MS And Hobbies

What is your favorite pastime?

“A hobby a day keeps the doldrums away.” ~ Phyllis McGinley

I make my life look so pretty on Facebook but the ugly truth is most days are a struggle. My biggest difficulty is trying to find some leisure pursuits that keep me entertained. But the main impression these activities have on my life is the ability to take my mind off the MonSter. They are excellent diversions. And a good distraction can be such a great escape.

So with your help, I need to find a new hobby.

Currently I read books, watch TV, and write blog post. I enjoy all these activities but would love some suggestions on a new pastime. I am asking you because you understand my limitations. I use a wheelchair and scooter to get around. Most people think those contraptions confine me. To some extent that is true. But I’ve learned to function very well with the help of those aids. So despite my appearance, my wheelchair is not my main source of restriction. My biggest vulnerability is fatigue. The problem is, when I’m tired, I’m so very tired. Because of the extreme exhaustion, my abilities are curbed and my choices for hobbies are diminished.

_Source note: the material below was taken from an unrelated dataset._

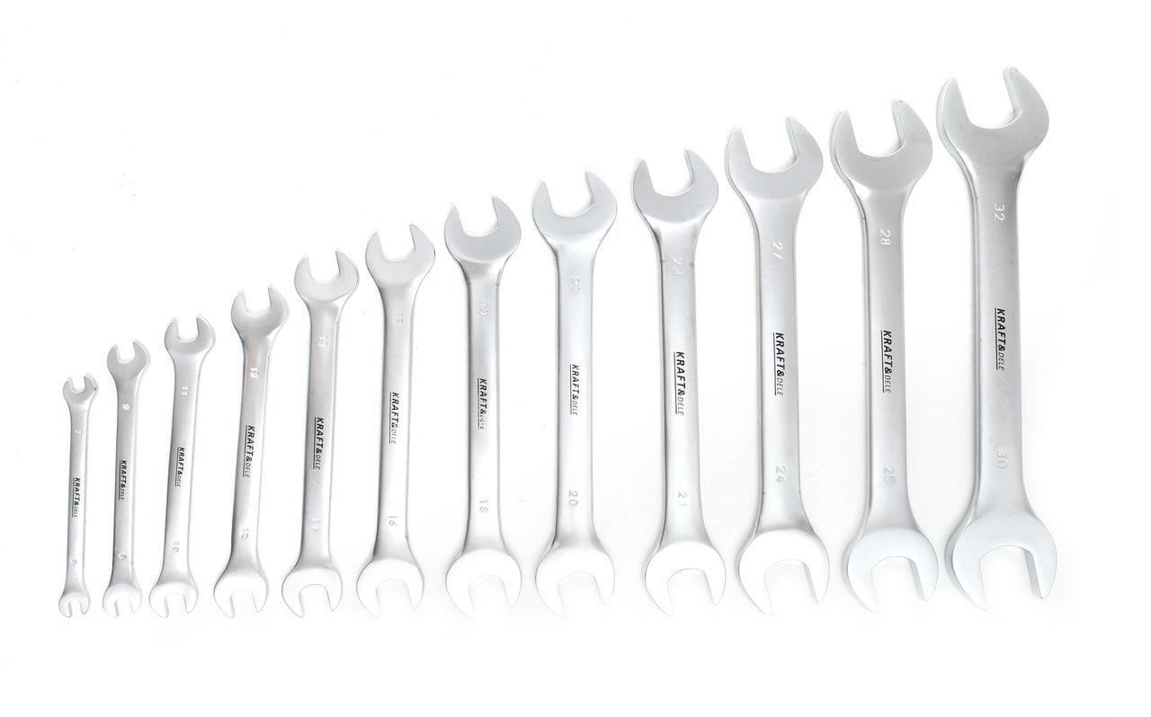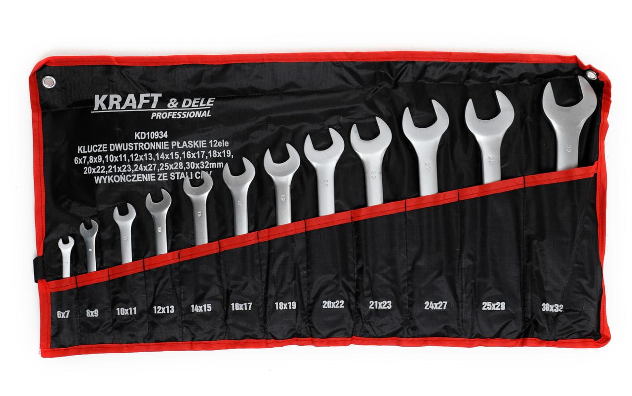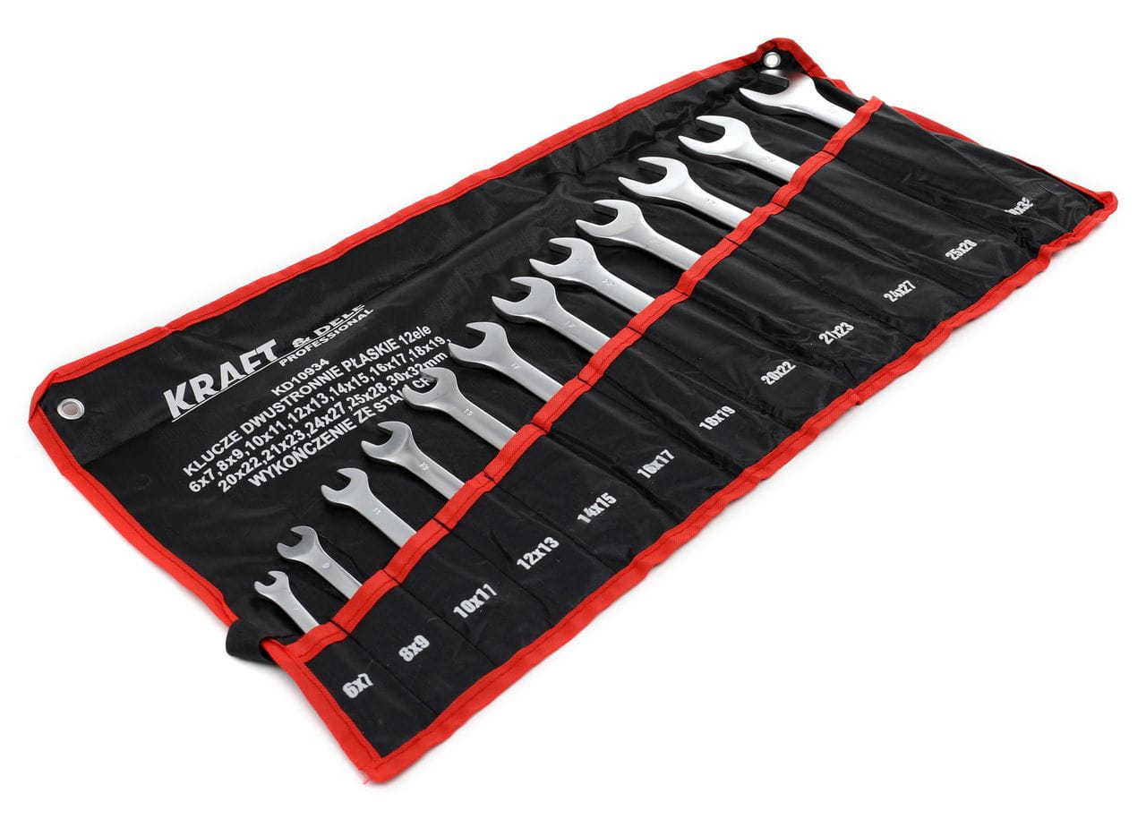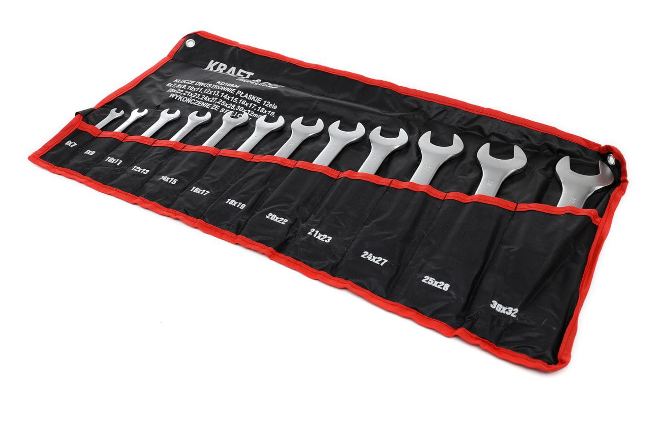 Zestaw 12 kluczy płaskich dwustronnych wykonanych ze stali chromowo-wanadowej (CrV), obejmujący rozmiary od 6×7 do 30×32 mm. Konstrukcja dwustronna pozwala na obsługę dwóch rozmiarów jednym narzędziem, co ogranicza liczbę kluczy potrzebnych w zestawie i skraca czas szukania właściwego rozmiaru podczas pracy.

I am 40 years old. I still have an active spirit. I’ve never been excited doing puzzles or sitting around taking it easy. So I need your help. What are some of your suggestions? Any good movies or television shows I can watch? Do you recommend any books? Is there anything unusual you enjoy doing like laughter yoga?

All ideas are welcomed.

Author: Nicole Lemelle

My name is Nicole Lemelle. I am a writer, activist and a person living with Multiple Sclerosis. I created My New Normals to educate those who do not understand MS, reassure people with similar plights and inspire everyone to seize command of their lives.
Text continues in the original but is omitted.